The present disclosure generally includes a method of removing a contamination material from an optical device, that includes disposing an optical device in a process chamber, the optical device having optical device structures formed in a substrate, the contamination material is disposed at least on sidewalls of the optical device structures and within trenches between the optical device structures, and exposing the optical device to a plasma generated in the process chamber, the plasma generated from oxygen gas (O₂), chlorine gas (Cl₂), Argon (Ar), or a combination thereof, the exposing the optical device to the plasma removes the contamination material.

Embodiments of the present disclosure may further provide a method of removing a contamination material from an optical device including disposing an optical device in an angled etch chamber, the optical device having optical device structures formed in a substrate, the contamination material is disposed at least on sidewalls of the optical device structures and within trenches between the optical device structures, and removing the contaminated material using angled etching by exposing the substrate to a directional plasma generated from oxygen gas (O₂) and Argon (Ar).

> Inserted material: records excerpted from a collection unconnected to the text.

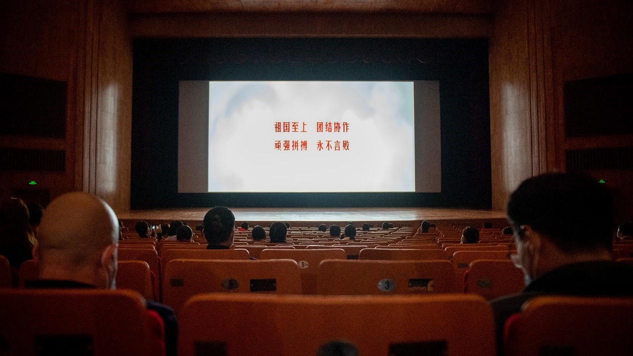 灯光渐暗,荧幕明亮,“祖国至上 团结协作 顽强拼搏 永不言败”这16个红色大字让很多后勤人的眼睛一下子湿润了。
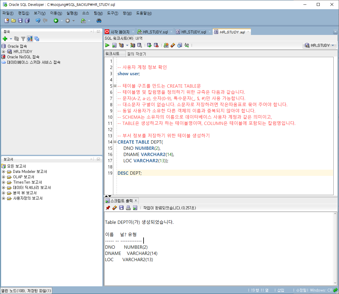-- 생성해 주고, 그 생성 결과를 확인해 봅니다.
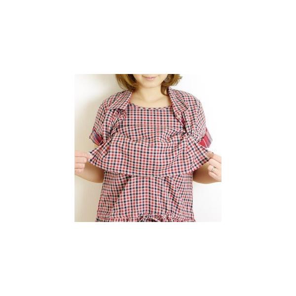 授乳服 マタニティ ワンピース 安い ダブルガーゼマドラスチェックワンピース 可愛い 春夏 M L
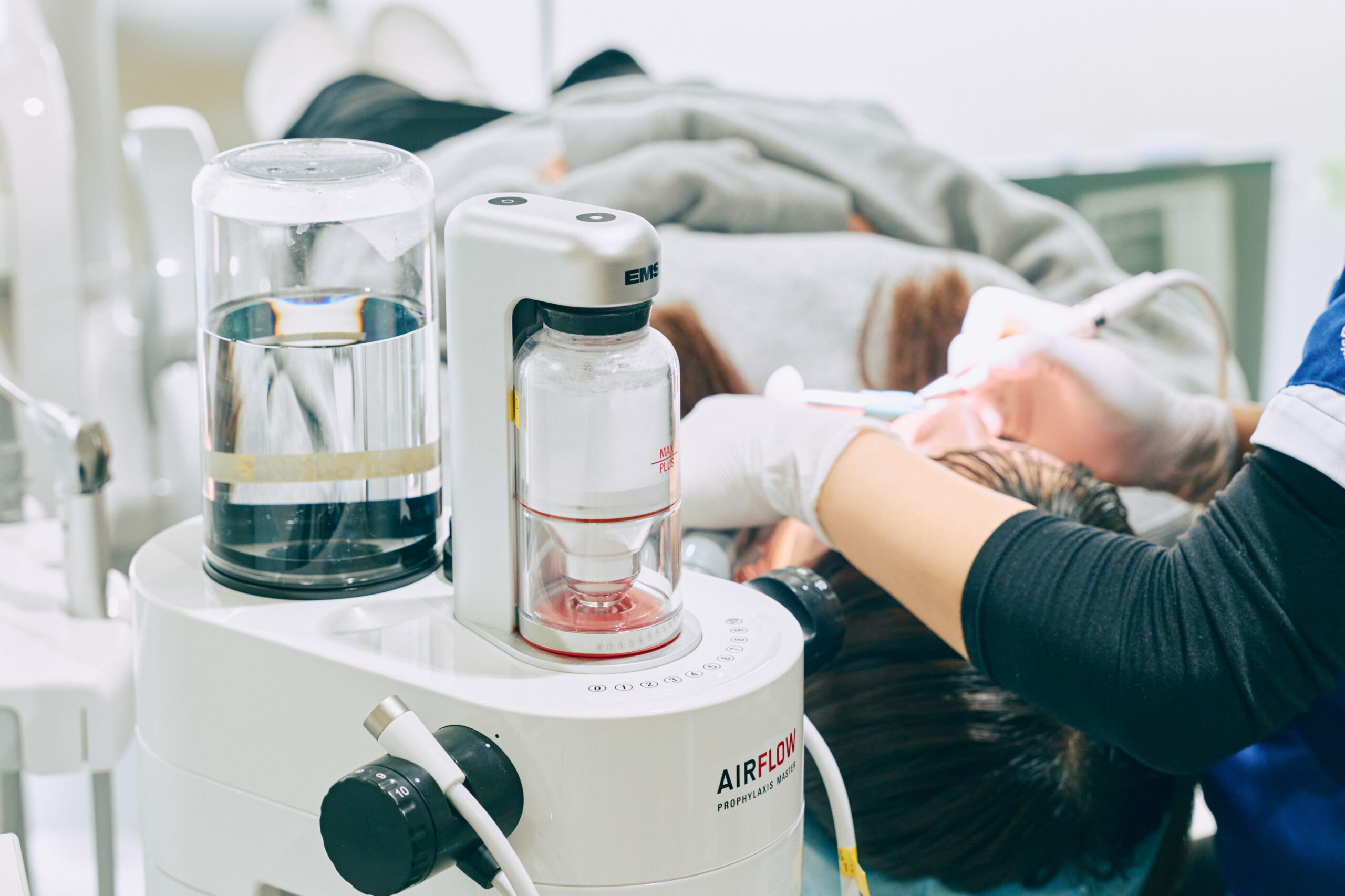 そこで当院では、微細なパウダーを吹き付けて歯の表面の汚れや着色を落とす機器「エアフロー」を導入しています。
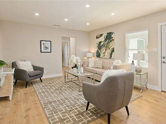 Elegant home remodeled with luxurious upgrades throughout! This four bedroom three bathroom offers an open kitchen with white shaker cabinets with soft closing hinges, quartz countertops, with Carrera marble backsplash, new stainless steel appliances, and utility style stainless steel sink. Spacious dining area with shimmering chandelier. Master suite offers 2 closets, its own bath with contemporary dual vanity, walk in shower with bench, beautiful wood-like tile floors and gorgeous light fixtures. Three bedrooms with 2 common full bathrooms with tiled showers, bath tub and modern vanity and light fixtures. Side by side laundry with overhead cabinets and quartz folding ledge. Large private backyard perfect for entertaining complete with Trex patio, mature trees and expansive grassy area. The owner spared no expense with upgrading this home with LED lighting, paint inside and out, cabinets, counter tops, new appliances, bathrooms, interior and exterior doors, fully landscaped front and back yards, tiled porch and walkway, sprinklers, newer roof and electrical panel,and so much more. This home is truly move-in ready, move in and relax! The job has already been done for you.
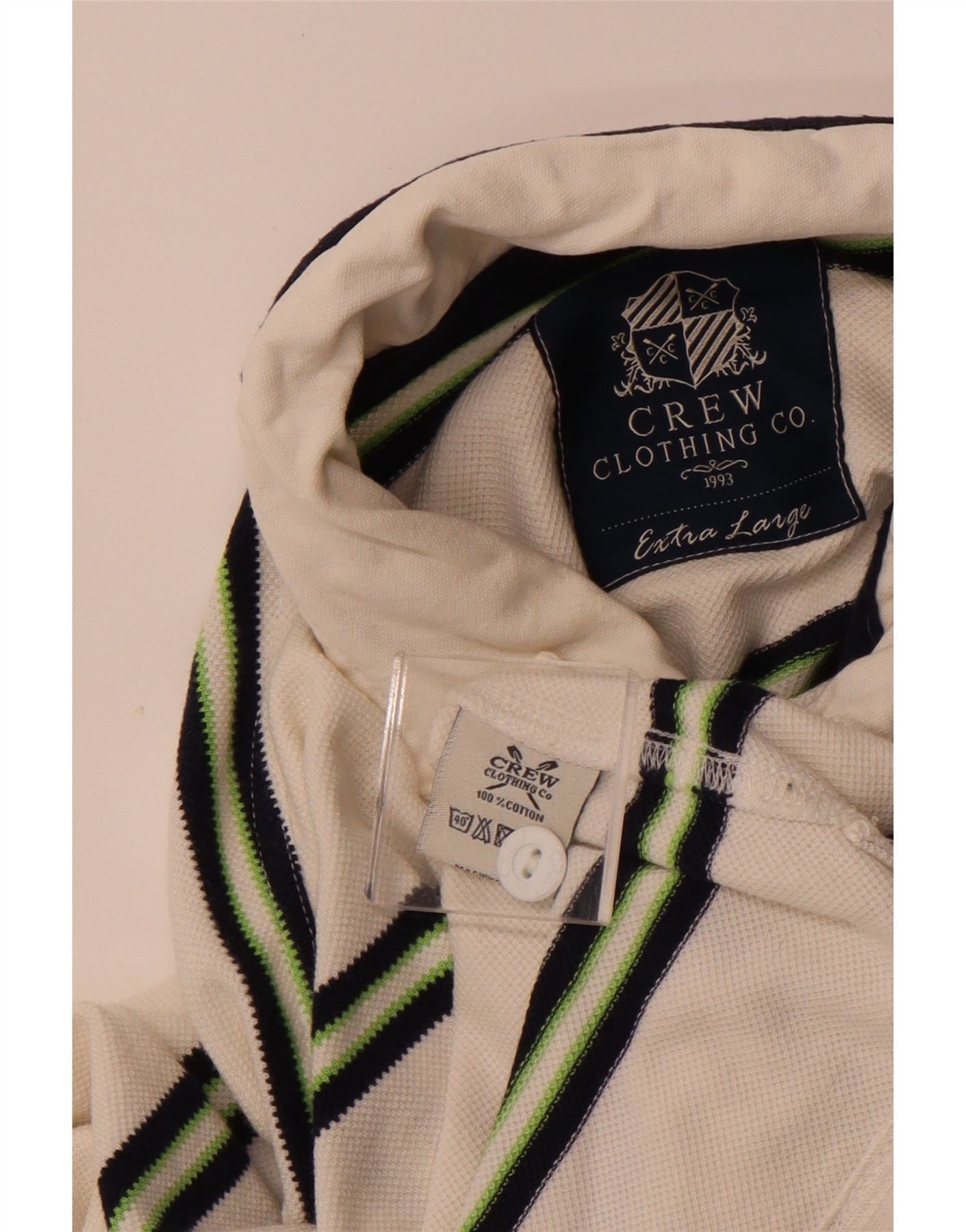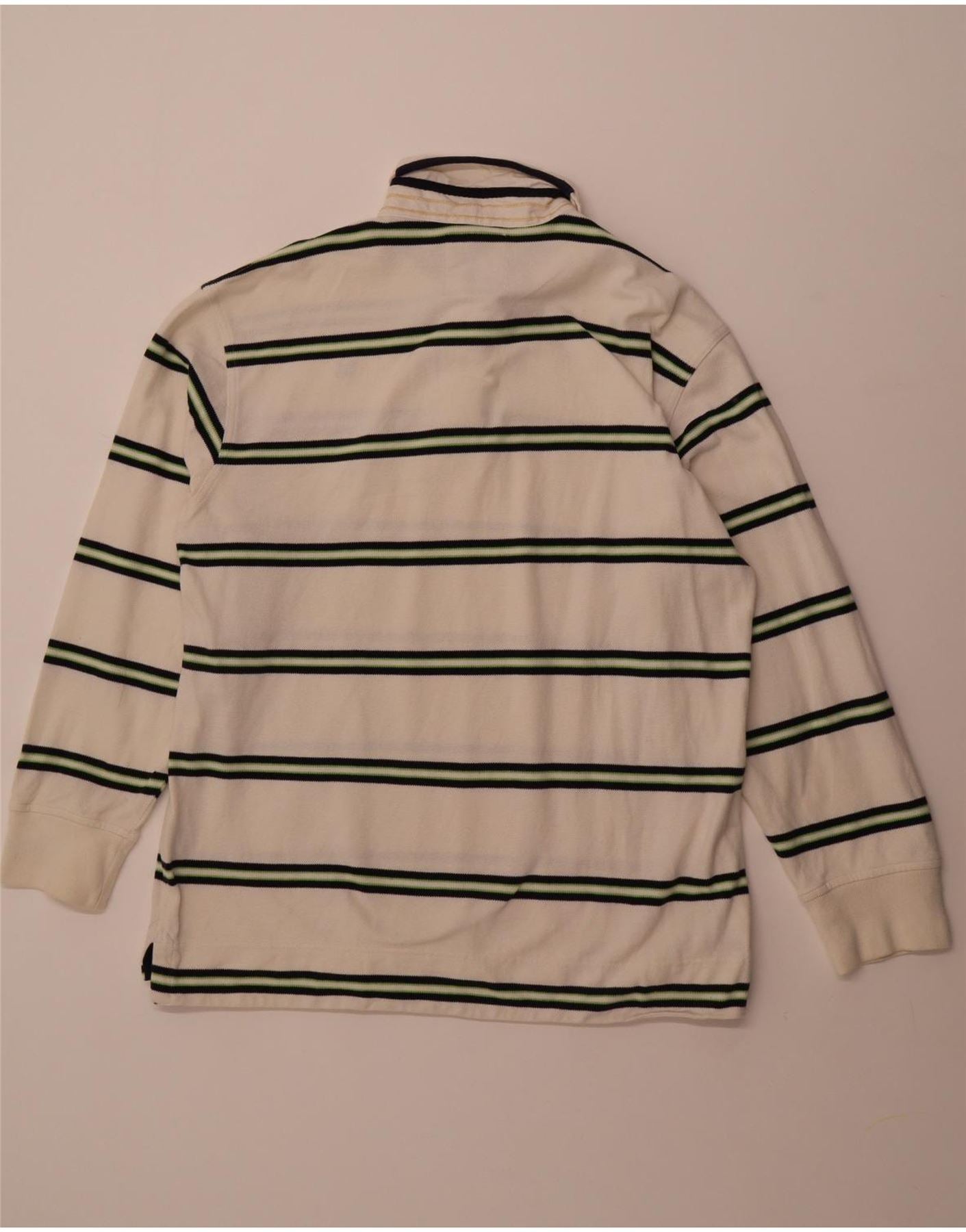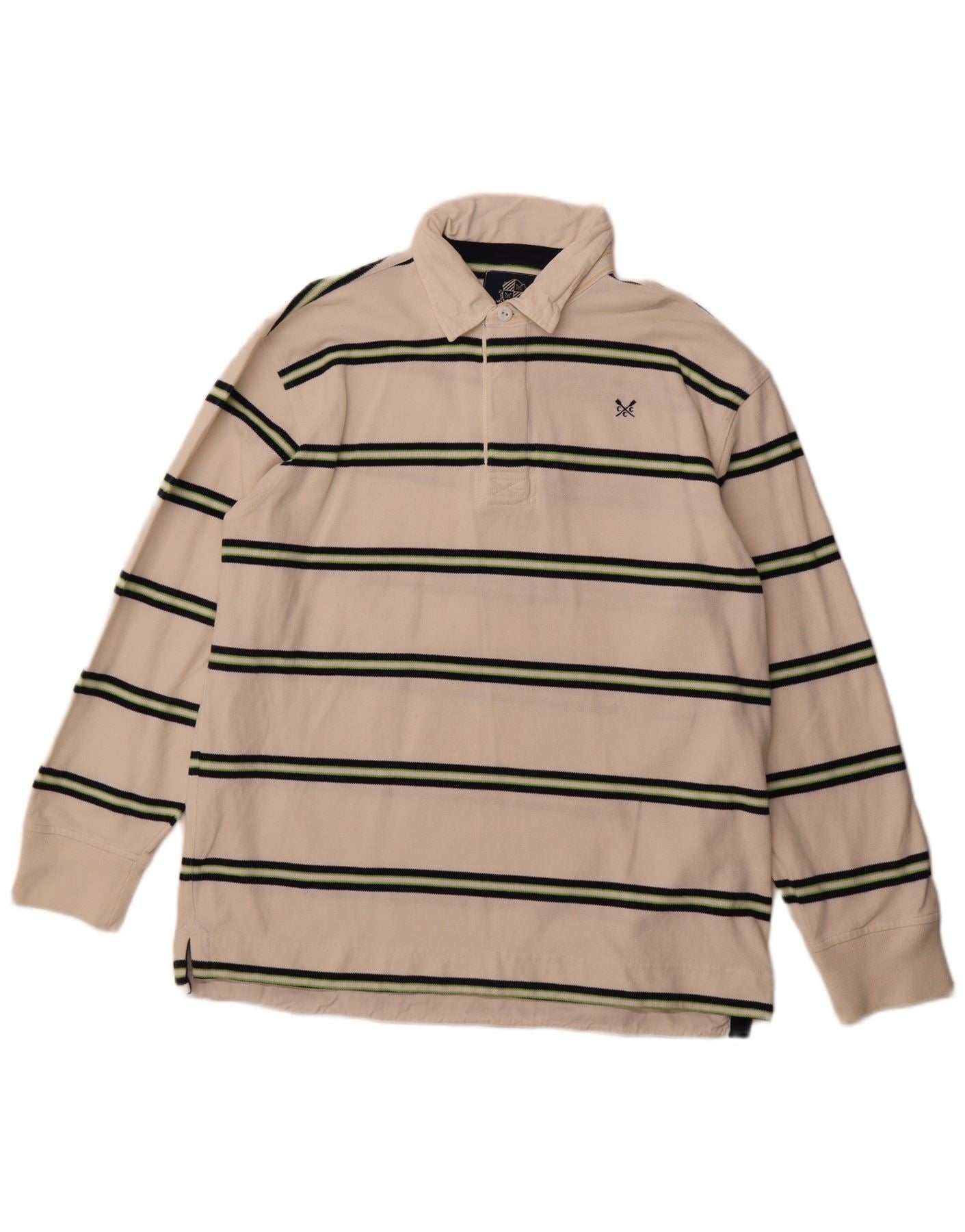 CREW CLOTHING Mens Long Sleeve Polo Shirt XL White Striped Cotton

BRIEF DESCRIPTION OF THE DRAWINGS

So that the manner in which the above recited features of the present disclosure can be understood in detail, a more particular description of the disclosure, briefly summarized above, may be had by reference to embodiments, some of which are illustrated in the appended drawings. It is to be noted, however, that the appended drawings illustrate only exemplary embodiments and are therefore not to be considered limiting of its scope, and may admit to other equally effective embodiments.

FIG. 1A is a perspective frontal view of an optical device according to embodiments described herein.

FIG. 1B is schematic top view of an optical device according to embodiments described herein.

FIG. 1C is a schematic cross-sectional view of a plurality of optical device structures according to embodiments described herein.

FIG. 2 is a schematic cross-sectional view of a etch chamber according to embodiments described herein.

FIG. 3 is a schematic cross-sectional view of an angled etch system according to embodiments described herein.

FIG. 4 is a flow diagram of a method of removing a contamination material from an optical device according to embodiments described herein.

FIG. 5 is a flow diagram of a method of removing a contamination material from an optical device according to embodiments described herein.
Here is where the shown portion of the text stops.